Recommendation systems often provide recommendations from large numbers of recommendation options, for example in culinary recommendation systems, a recommendation of merchants from a large number of merchants may be provided. Neural networks provide a trainable method of recommendation that can take into account a variety of factors or features. However, as the number of recommendation options increases, the amount of processing required to provide recommendations also increases. This hinder the provision of real time recommendations.

SUMMARY

According to a first aspect of the present disclosure, a method of generating a recommendation for a target user based on an input using a neural network is provided. The input comprises an indication of the target user, The method comprises: identifying a target user cluster to which the target user is assigned from a plurality of user clusters; looking up in a stored table, cluster scores for a plurality of candidate recommendation options for the target user cluster, the stored table comprising cluster scores for each recommendation option of the plurality of recommendation options; ranking the plurality of candidate recommendation options according to the cluster scores for the target user cluster; selecting a target set of recommendation options from the plurality of candidate recommendation options according to the ranking of the plurality of candidate recommendation options; calculating a set of user specific recommendation scores corresponding to the target set of recommendation options using the neural network; ranking the target set of recommendation options using the user specific recommendations scores; and generating a recommendation for the target user based on the ranking of the target set of recommendation options.

The input may further comprise an indication of a location of the target user, and each recommendation option may be associated with a location. Selecting a target set of recommendation options from the plurality of candidate recommendation options may then comprise selecting the target set of recommendation options from recommendation options associated with a location within a threshold distance of the location of the target user.

The recommendation options may be, for example, merchants which may be culinary merchants such as restaurants or takeaways.

The methods allow real-time or near real-time processing to generate recommendation options. One reason for this is that the cluster scores can be precalculated in an offline pre-training method for a large number of recommendation options. Then when the real-time or near real time online processing is carried out, processing using the neural network is carried out only for plurality of candidate recommendation options.

The method may comprise calculating a set of user specific recommendation scores corresponding to the set of candidate recommendation options using the neural network by inputting contextual features into the neural network.

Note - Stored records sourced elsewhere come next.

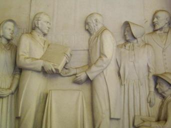 Keywords: Wandafbeelding.jpg 'n Paneel van die historiese fries in die Heldesaal van die Voortrekkermonument Pretoria In hierdie paneel een van 27 word 'n bybel wat tans in die Senotaafsaal gehuisves word deur vrederegter Thomas Phillipshttp //archiver rootsweb ancestry com/th/read/SOUTH-AFRICA/2003-11/1068913410 namens die Britse setlaars van Grahamstad aan trekker J J Uys<ref name Uys> Cite journal Uys Ian S A Boer family Military History Journal 3 6 http //samilitaryhistory org/vol036iu html 1976-12 </ref> oorhandig Die panele in Quercetta-marmer<ref name beeld> cite journal Rademeyer Alet ˜Klipouma ™ kon jas skoene koop http //www beeld com/Suid-Afrika/Nuus/Klipouma-kon-jas-skoene-koop-20121025 26 Oktober 2012 Beeld 2012-10-25 22 48 </ref> beeld tonele uit vanaf die uittog uit die oos-Kolonie in 1835 tot die ondertekening van die Sandrivierkonvensie in 1852 A panel of the historical frieze in the Hall of Heroes of the Voortrekker Monument Pretoria In this panel one of 27 a bible which is currently in the Cenotaph Hall exhibit is presented by Thomas Phillips left on behalf of the British settlers of Grahamstown to voortrekker J J Uys right <ref name Uys/> The panels in Quercetta marble<ref name beeld/> portray scenes from the Trekker departure from the Colony's frontier in 1835 to the signing of the Sand River Convention in 1852 reflist own work 2006-01-14 Eduard van Velde Related panel “ deaths of J J Uys's son and grandson<br> 70px Voortrekker Monument 1820 Settlers |
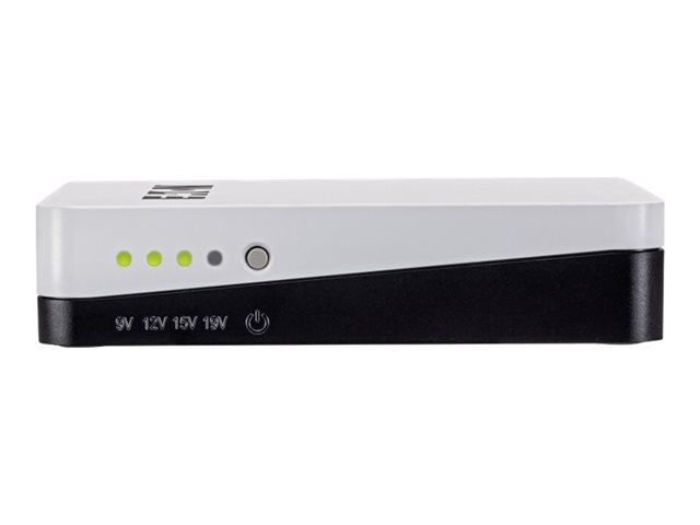 | Allmänt |  | Typ av enhet | UPS - extern |  | Färg | Svart, vit |  | Nätdel |  | UPS-teknik | Online |  | Inmatningsanslutningar | 1 x ström, BS |  | Kontaktdetaljer för uteffekt | 1 x power DC jack |  | Utspänning | DC 9 / 12 / 15 / 19 V |  | Effektkapacitet | 36 Watt |  | Batteri |  | Antal | 2 |  | Teknik | Litiumjon |  | Kapacitet | 2.2 Ah |  | Diverse |  | Inkluderade tillbehör | 4 kontaktstift |  | Medföljande kablar | Strömkabel - extern - 1 m |  | Egenskaper | LED-indikatorer |  | Standarder som följs | IEC 62040-2, EN 62040-2, IEC 62477-1, IEC 62040-5-3 |  | Mått och vikt |  | Bredd | 9.5 cm |  | Djup | 13.6 cm |  | Höjd | 3 cm |  | Vikt | 370 g |  |
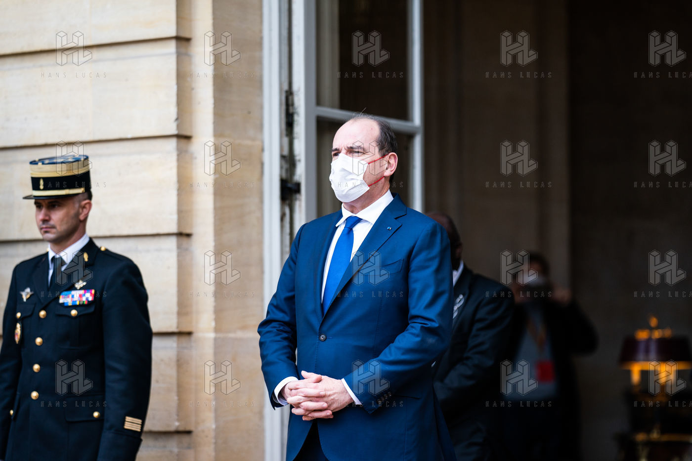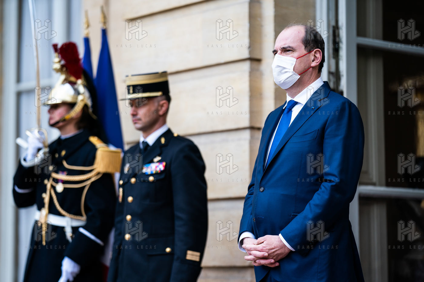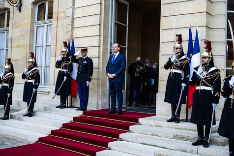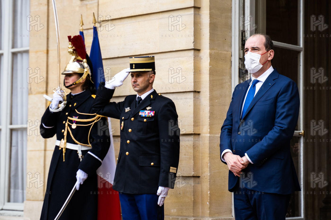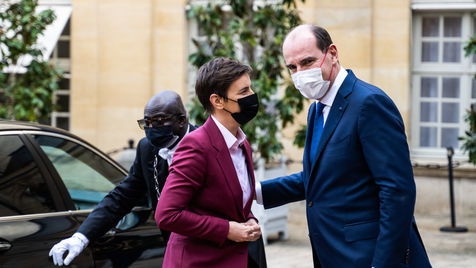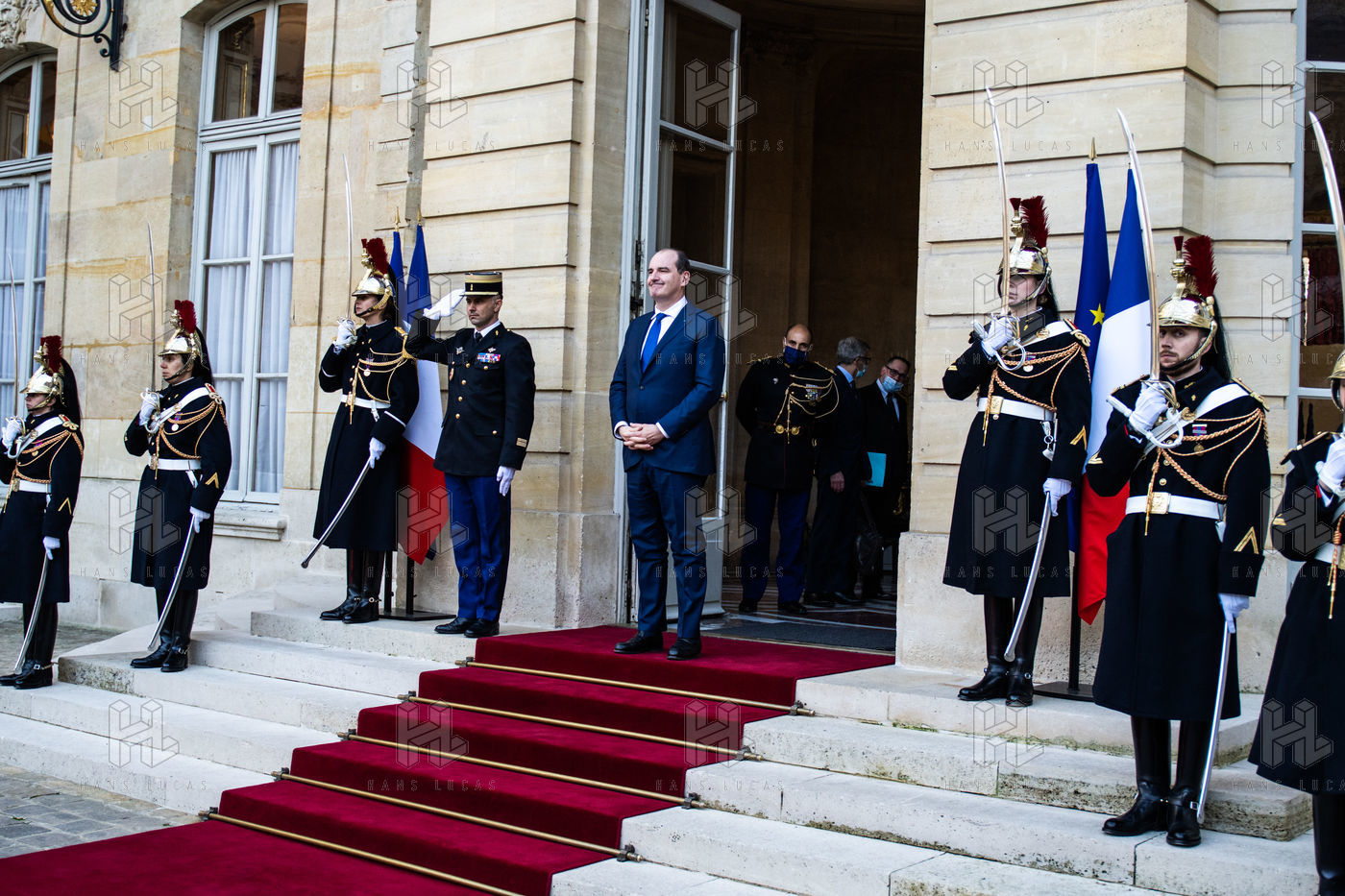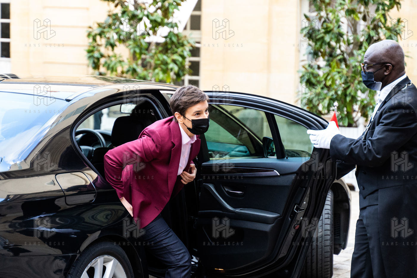 Entretien entre le Premier ministre français et le président du gouvernement de Serbie à l'Hôtel de Matignon.

The input may further comprise an indication of the user location and each recommendation option is associated with a location and wherein the contextual features comprise a distance between the location of the user and the location associated with a respective recommendation option.

The input may further comprise an indication of a time stamp and wherein the contextual features comprise a feature dependent on the timestamp. This allows the method to take into account factors such as the time of day. It is noted that for culinary recommendations this may be an important factor since different restaurants or merchant may be popular with customers at different times of day corresponding to different meal times.

The recommendation for the target user may comprise a ranked list of recommendation options.

The neural network may comprise a user subnetwork that maps user features onto a user embedding space and the target user cluster corresponds to a user cluster in the user embedding space.

According to a second aspect of the present disclosure, a method of generating a recommendation for a target user based on an input using a neural network is provided. The input comprises an indication of the target user. The method comprises: selecting a target set of recommendation options from a plurality of candidate recommendation options; calculating a set of user specific recommendation scores corresponding to the target set of recommendation options using the neural network; ranking the target set of recommendation options using the user specific recommendations scores; and generating a recommendation for the target user based on the ranking of the target set of recommendation options. Such embodiments provide a modular recommendation system which allows the creation, testing and implementation of new recommendation modules. Different possible methods of generating the target set of recommendation options may be implemented in such embodiments.

According to a third aspect of the present disclosure a pre-training method in a recommendation system is provided. The recommendation system comprises data storage for a neural network configured to generate recommendation scores for recommendation options. The neural network comprises a user subnetwork that maps user features onto a user embedding space. The pre-training method comprises: training the neural network; clustering users in the user embedding space using the user subnetwork of the trained neural network to generate embedding space user clusters; calculating cluster scores for the embedding space user clusters for each of a plurality of recommendation options; and storing the calculated cluster scores and the trained neural network in the data storage. The duster scores may be calculated by calculating cluster scores for the embedding space user clusters for each of a plurality of recommendation options comprises determining a cluster center embedding vector in the embedding space for each embedding space user cluster and calculating the cluster scores using the cluster center embedding vectors.

In embodiments, the clustering methodology differs from traditional approaches. Typically, in traditional approaches, one would cluster users based on user features such as demographics and interaction behaviors. However, as these data points are often noisy and difficult to obtain, in the present disclosure, we instead cluster a user representation that is learnt as part of the neural network training. As such, the clusters obtained are more representative of how a user would react towards the target variable.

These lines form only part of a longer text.